- [DATA FOR ANALYSIS]
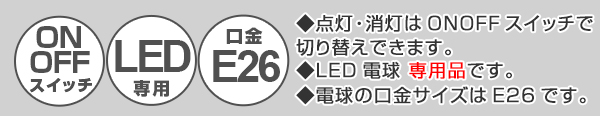 | 備考 | 電球:AC100V 9W E26 スイッチ:タッチセンサー ワイヤレス、USB充電機能付き |
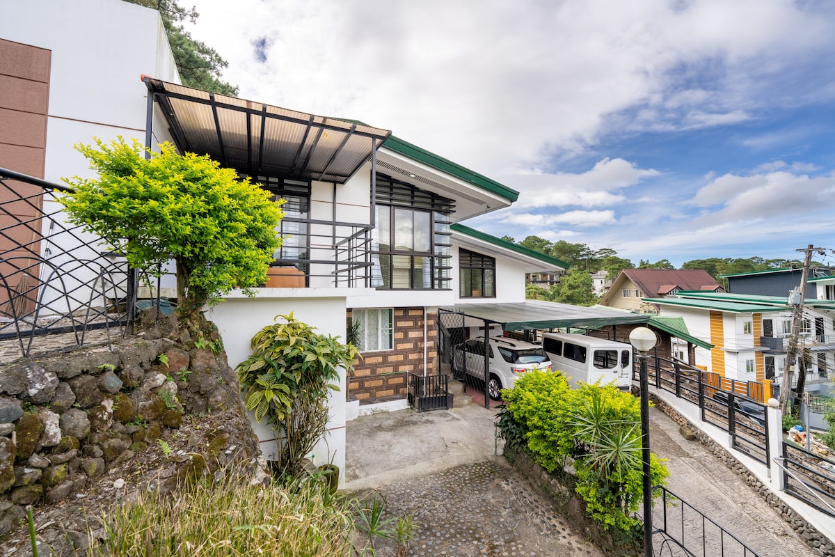 Enjoy mountain views and crisp fresh air in this cozy, stylish and charming home 10 minutes from restaurants and attractions such as Camp John Hay, Mines View Park, The Mansion House and others. Perfect for families and groups of friends, this pet-friendly and wheelchair-accessible home offers an indoor fireplace, 2 outdoor fire pits, 4 bedrooms with bathrooms, a full kitchen, alfresco dining, front and back yards; cableTV, karaoke machine, & fast internet for those who wish to work from home.
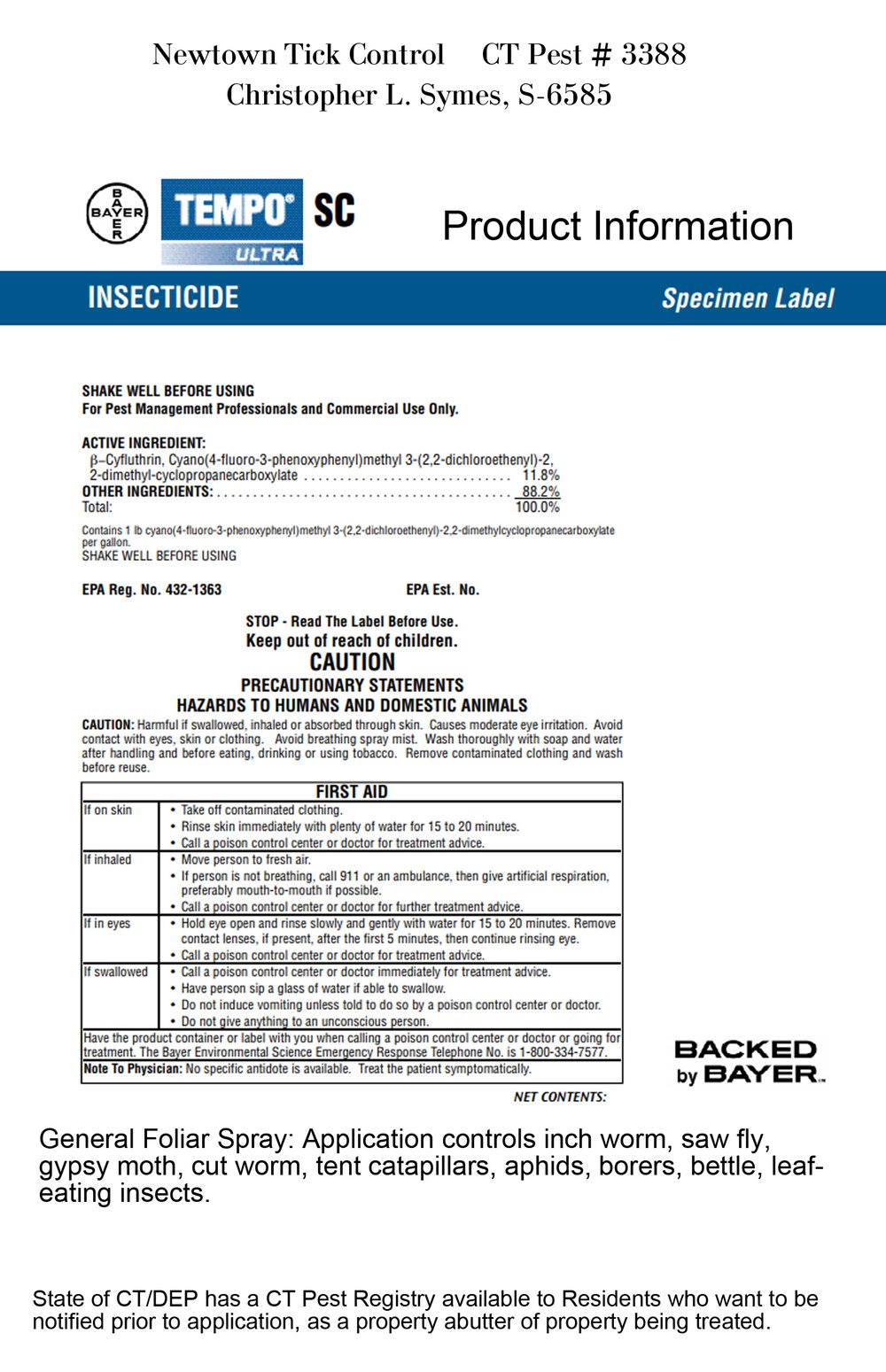 PDF US EPA, Pesticide Product Label, TEMPO SC INSECTICIDE,06/04/2019 BAYER Bayer Environmental Science. Title. US EPA, Pesticide Product Label, TEMPO SC INSECTICIDE,06/04/2019. Author. US EPA,Office of Pesticide Programs. Subject. Pesticide Product Label, TEMPO SC INSECTICIDE. Keywords. Pesticide Product Label, TEMPO SC INSECTICIDE,BAYER ENVIRONMENTAL SCIENCE,432-1363.
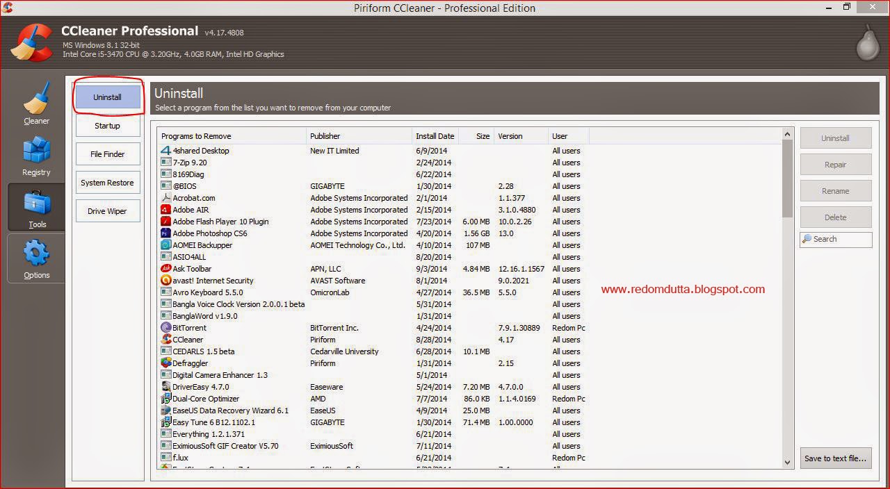 Uninstall :এইখান থেকে আপনি আপনার সিস্টেম এর আপ্রয়োজনই সফটওয়্যার আনইন্সটল করতে পারেন। নিচের মত
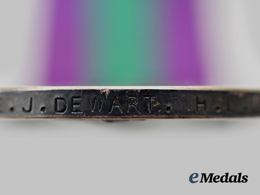 2. Institution Date: 1923. In silver, with the obverse bearing a leftward facing bust of George the 6th marked “PM”, and the reverse bearing the winged Roman Goddess Victory holding a laurel wreath. Maker marked “E CRP” for E. Carter Preston. Medal named to Pvt J. Dewart, Highland Light Infantry on the rim. On period ribbon denoting general service with a Palestine clasp affixed. Medal measuring at 35mm (w) x 48mm (h- to top of suspension). With minor discoloration, in very fine condition.
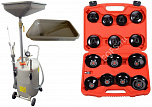 Комплект из TS-2085 маслосборник. Для быстрого слива и откачки щупами масла и антифриза из ДВС, КПП и мостов всех авто. В комплекте: Сливная чаша. Щупы гибкие 6 шт. Лоток для сливной пробки. Металлические пистолеты для откачки масла. Цифровая индикация уровня разрежения в установке. Обрезиненная ручка для транспортировки. Вмещает 90 л. = Бак 80л + сливная воронка 10л. + ES0901 Набор съемников масляных фильтров ("чашки") - 15 шт.
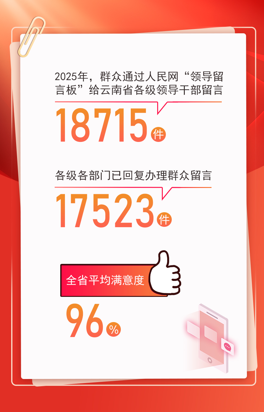 网聚民声,情暖云岭;留言有应,枝叶关情。云南省各地各部门始终把人民网“领导留言板”作为践行网上群众路线、畅通民意诉求的重要阵地,用心倾听每一声群众呼唤,用力办好每一件民生实事。每一次办结都是一次民心凝聚。今天,人民网云南频道推出2025云南省网上群众工作盘点,带您回顾那些暖心事。
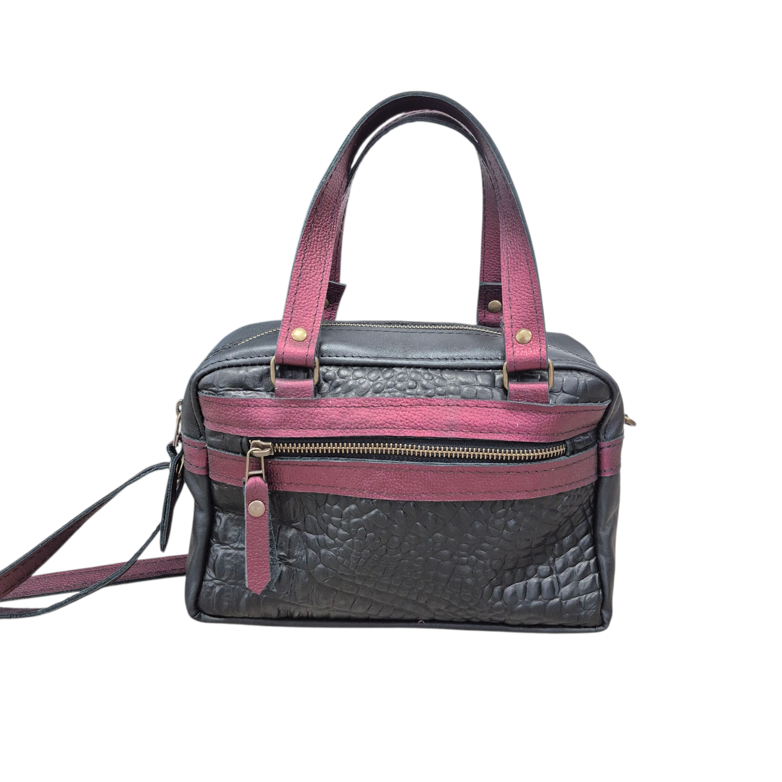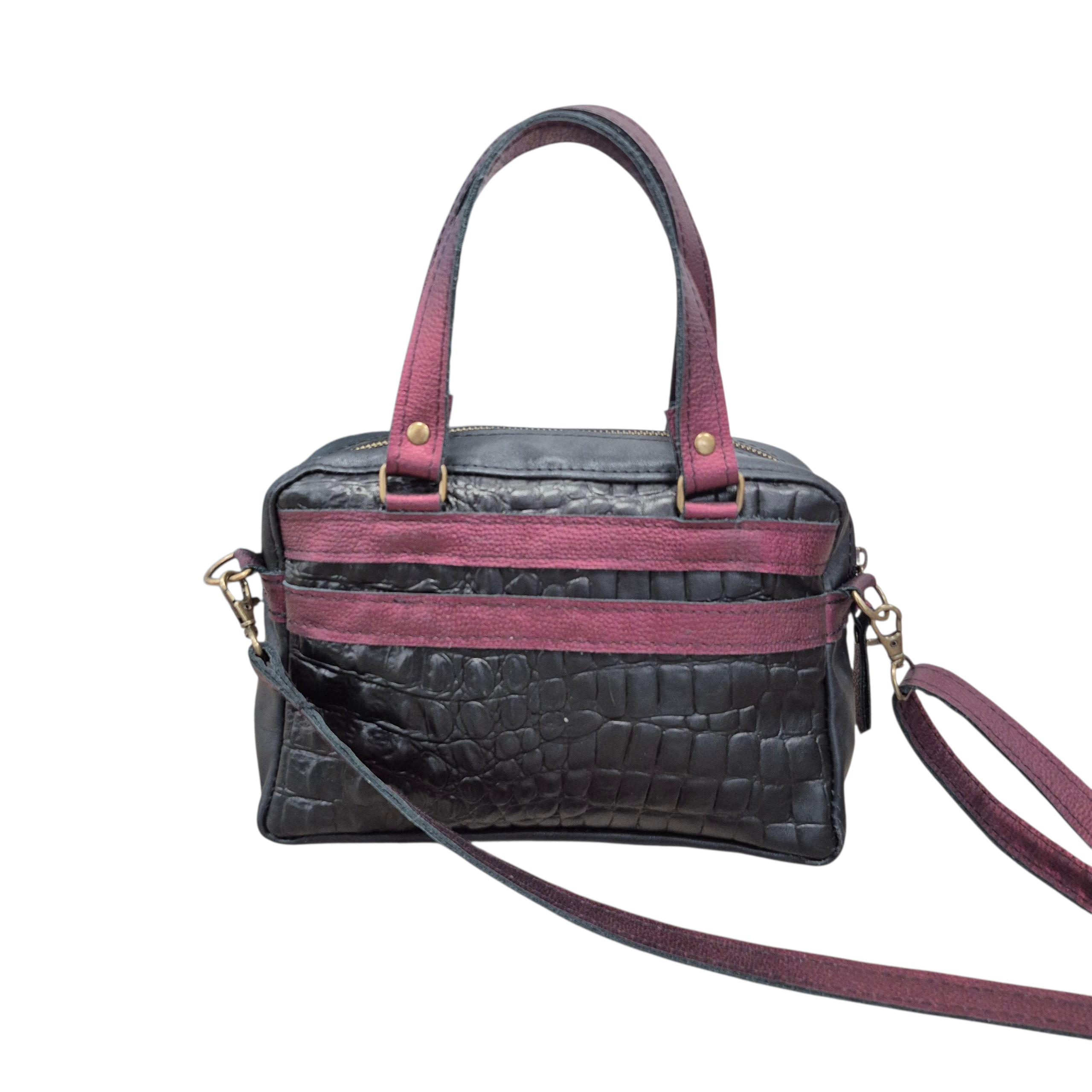 Sascha is uitgevoerd in zwart, croco zwart en metallic bordeaux leer.

- [WORK REQUEST]
When copying the entries above, keep each word as it is and exclude any image.

- [RESULT OF THIS TASK]
 | 備考 | 電球:AC100V 9W E26 スイッチ:タッチセンサー ワイヤレス、USB充電機能付き |
 Enjoy mountain views and crisp fresh air in this cozy, stylish and charming home 10 minutes from restaurants and attractions such as Camp John Hay, Mines View Park, The Mansion House and others. Perfect for families and groups of friends, this pet-friendly and wheelchair-accessible home offers an indoor fireplace, 2 outdoor fire pits, 4 bedrooms with bathrooms, a full kitchen, alfresco dining, front and back yards; cableTV, karaoke machine, & fast internet for those who wish to work from home.
 PDF US EPA, Pesticide Product Label, TEMPO SC INSECTICIDE,06/04/2019 BAYER Bayer Environmental Science. Title. US EPA, Pesticide Product Label, TEMPO SC INSECTICIDE,06/04/2019. Author. US EPA,Office of Pesticide Programs. Subject. Pesticide Product Label, TEMPO SC INSECTICIDE. Keywords. Pesticide Product Label, TEMPO SC INSECTICIDE,BAYER ENVIRONMENTAL SCIENCE,432-1363.
 Uninstall :এইখান থেকে আপনি আপনার সিস্টেম এর আপ্রয়োজনই সফটওয়্যার আনইন্সটল করতে পারেন। নিচের মত
 2. Institution Date: 1923. In silver, with the obverse bearing a leftward facing bust of George the 6th marked “PM”, and the reverse bearing the winged Roman Goddess Victory holding a laurel wreath. Maker marked “E CRP” for E. Carter Preston. Medal named to Pvt J. Dewart, Highland Light Infantry on the rim. On period ribbon denoting general service with a Palestine clasp affixed. Medal measuring at 35mm (w) x 48mm (h- to top of suspension). With minor discoloration, in very fine condition.
 Комплект из TS-2085 маслосборник. Для быстрого слива и откачки щупами масла и антифриза из ДВС, КПП и мостов всех авто. В комплекте: Сливная чаша. Щупы гибкие 6 шт. Лоток для сливной пробки. Металлические пистолеты для откачки масла. Цифровая индикация уровня разрежения в установке. Обрезиненная ручка для транспортировки. Вмещает 90 л. = Бак 80л + сливная воронка 10л. + ES0901 Набор съемников масляных фильтров ("чашки") - 15 шт.
 网聚民声,情暖云岭;留言有应,枝叶关情。云南省各地各部门始终把人民网“领导留言板”作为践行网上群众路线、畅通民意诉求的重要阵地,用心倾听每一声群众呼唤,用力办好每一件民生实事。每一次办结都是一次民心凝聚。今天,人民网云南频道推出2025云南省网上群众工作盘点,带您回顾那些暖心事。
 Sascha is uitgevoerd in zwart, croco zwart en metallic bordeaux leer.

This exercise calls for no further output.